A maior descoberta de minha vida

A maior descoberta de minha vida


Descobri que o que sou mesmo é “INVENTOR”

Invento consertos e soluções

Invento músicas, letras e instrumentos

Invento artes plásticas e reinvento coisas do lixo

Invento poesias e poéticas...

Invento tanto, todos os dias,

Que desconfio ser eu minha maior invenção.

terça-feira, 27 de novembro de 2012

Findo-Mundo

Se preparou
bastante 
para o fim do mundo
E fez o que quis.
Passou a data
e o mundo não acabou...
Só pra ele!

quarta-feira, 21 de novembro de 2012


Sobre-vida

Devo ter um emprego estável
Uma mulher-escrava
uma vida pacata e sem riscos
Um lar humilde e digno.
O sonho de uma aposentadoria conquistada ano após ano de pagas à previdência...
...conselhos de minha mãe!
Ela quer que eu seja feliz e não sofra!

domingo, 11 de novembro de 2012

Presente-Negro



Negra cultura
Negros tempos – swing-dançante-musical
negro passado escravo
liberto das misérias da alma
Negras a prenderem os sonos e os erotismos dos donos dos negros
Negras vergonhas de assédios imorais
Negro-movimento
Negro-entendimento-transcendente
Negras tragédias e choros negros apartados

Negro-mistério
Orixá
Candomblé
Hip-hop
Samba-choro
Samba-morro
- Vida rica arrancada das ausências -
Negra capoeira – bela dança que fere!
Negro, como tantas outras cores
como a imensidão de sabores
da diversidade...

segunda-feira, 24 de setembro de 2012


À mesa

Naquela mesa, posta diferente neste dia, de modo a acompanhar o formato do salão, estavam gentes de toda espécie, de todas cores, de todos cheiros, de todas vivências.
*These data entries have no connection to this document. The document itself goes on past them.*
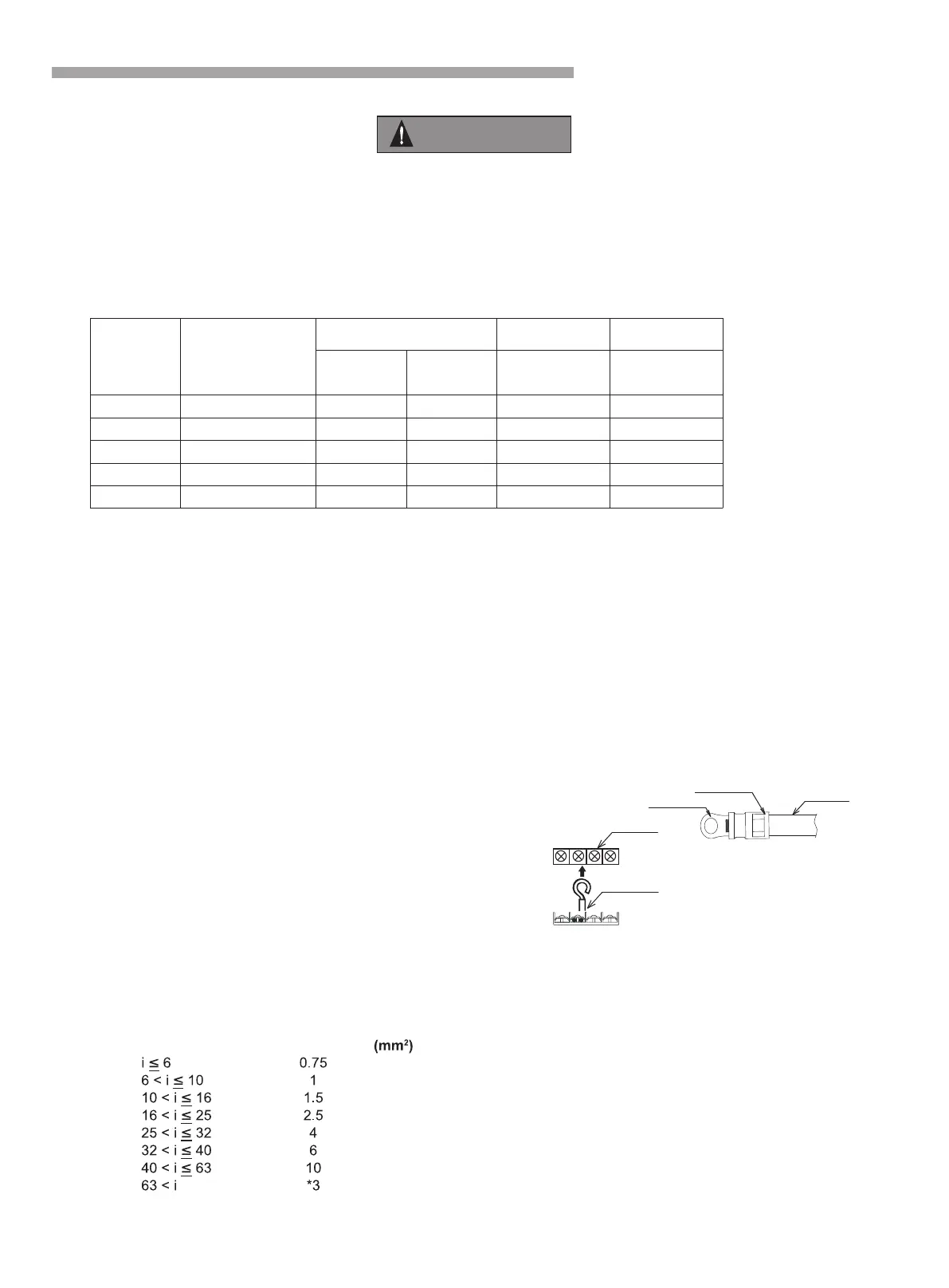 1) Siga los códigos y normas locales cuando selecciona los cables.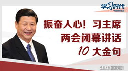3月20日上午,中共中央總書記、國家主席、中央軍委主席習(xí)近平在十三屆全國人大一次會議閉幕會上發(fā)表重要講話。“要幸福就要奮斗”、“沒有任何力量能夠阻擋中國人民實現(xiàn)夢想的步伐”、“人間自有公道在!”中國日報網(wǎng)帶你看十大金句!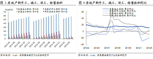 2014年1-5月份,全國房地產開發投資30739億元,同比名義增長14.7%,增速比1-4月份回落1.7個百分點。1-5月份,房地產開發企業房屋施工面積586081萬平方米,同比增長12.0%,增速比1-4月份回落0.8個百分點;房屋新開工面積59912萬平方米,下降18.6%,降幅收窄3.5個百分點;房屋竣工面積30700萬平方米,增長6.8%;商品房銷售面積36070萬平方米,同比下降7.8%,降幅比1-4月份擴大0.9個百分點;5月份,房地產開發景氣指數為95.02,比上月回落0.77點。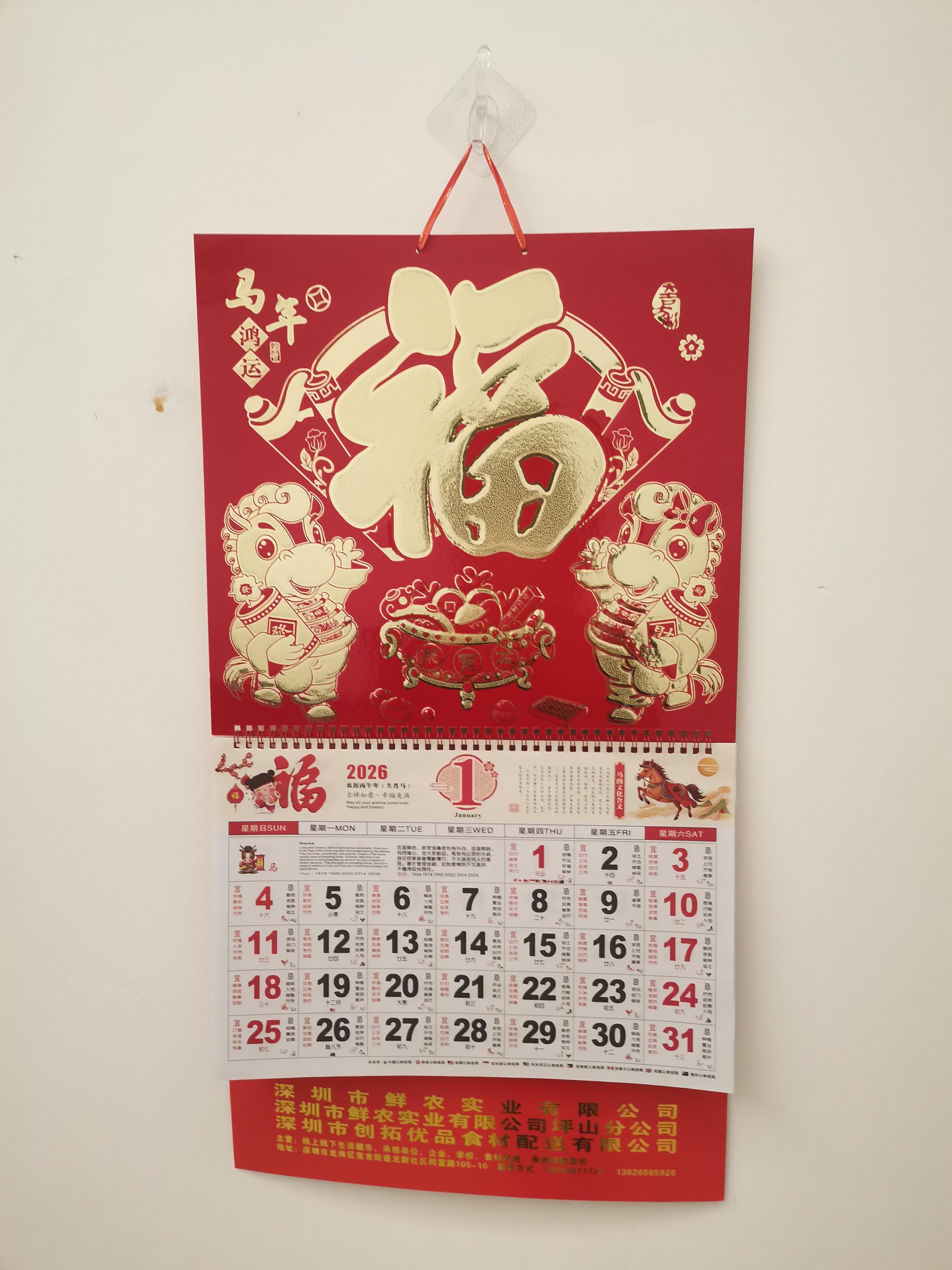 深圳打工第两百七十六天记录一下。今天店铺做活动,买菜就送挂历,咱自己人直接拿了个上去挂着

Mas a chegada daquele casal maltrapilho, mijado, fedido e com palhas nos cabelos sebentos, trazidas da rua do último sono dormido incomodaram... os preconceitos suscitados entre os que deveriam ser seus pares também chamou a atenção. Incomodavam porque traziam em si, apesar do maltrapilho e da sujeira, uma vivacidade e um carinho de casal que transbordava pela mesa e ensopava o colo ressecado dos participantes daquele almoço. Um princípio de discussão querido por um, um chamar de atenção tentado por outro e o casal, impávido, respondendo com colheradas oferecidas na boca carinhosamente.
A proposta, trazida como sobremesa por D.Maria e o pessoal do consultório de rua, foi simples:
- Ao som do dedilhado no violão, será lido um poema de Cecília Meireles intitulado “o último andar”.
Ouçamo-lo:

O último andar

No último andar é mais bonito: 
do último andar se vê o mar. 
É lá que eu quero morar. 

O último andar é muito longe: 
custa-se muito a chegar. 
Mas é lá que eu quero morar. 

Todo o céu fica a noite inteira 
sobre o último andar 
É lá que eu quero morar. 

Quando faz lua no terraço 
fica todo o luar. 
É lá que eu quero morar. 

Os passarinhos lá se escondem 
para ninguém os maltratar: 
no último andar. 

De lá se avista o mundo inteiro: 
tudo parece perto, no ar. 
É lá que eu quero morar: 
no último andar. 

Logo após a leitura, mais som de violão, e após, mais leitura do mesmo poema e após, mais violão... tudo orquestrado pelas mãos habilidosas de D.Maria, que queria que prestassem atenção à escuta... na última vez o tocador acompanhou seu dedilhado com um assovio e outro assovio o acompanhou e surpreendeu desafiador os expectadores... Ivaldo era o nome daquele “Raul-seixaniano D.Quixote” que ao tomar o violão pra si protagonizou um belíssimo show com sambas-canções, romantismos e por vezes alguma malandragem do Bezerra da Silva... fez daquele lugar sua saudosa maloca e na sua maluquice não quis saber quem eram todos, não discriminou e ensinou-nos a também não discriminar. O público, ávido por aquele néctar, cantou junto, batucou, empolgou e se apossou daquele momento como nunca antes...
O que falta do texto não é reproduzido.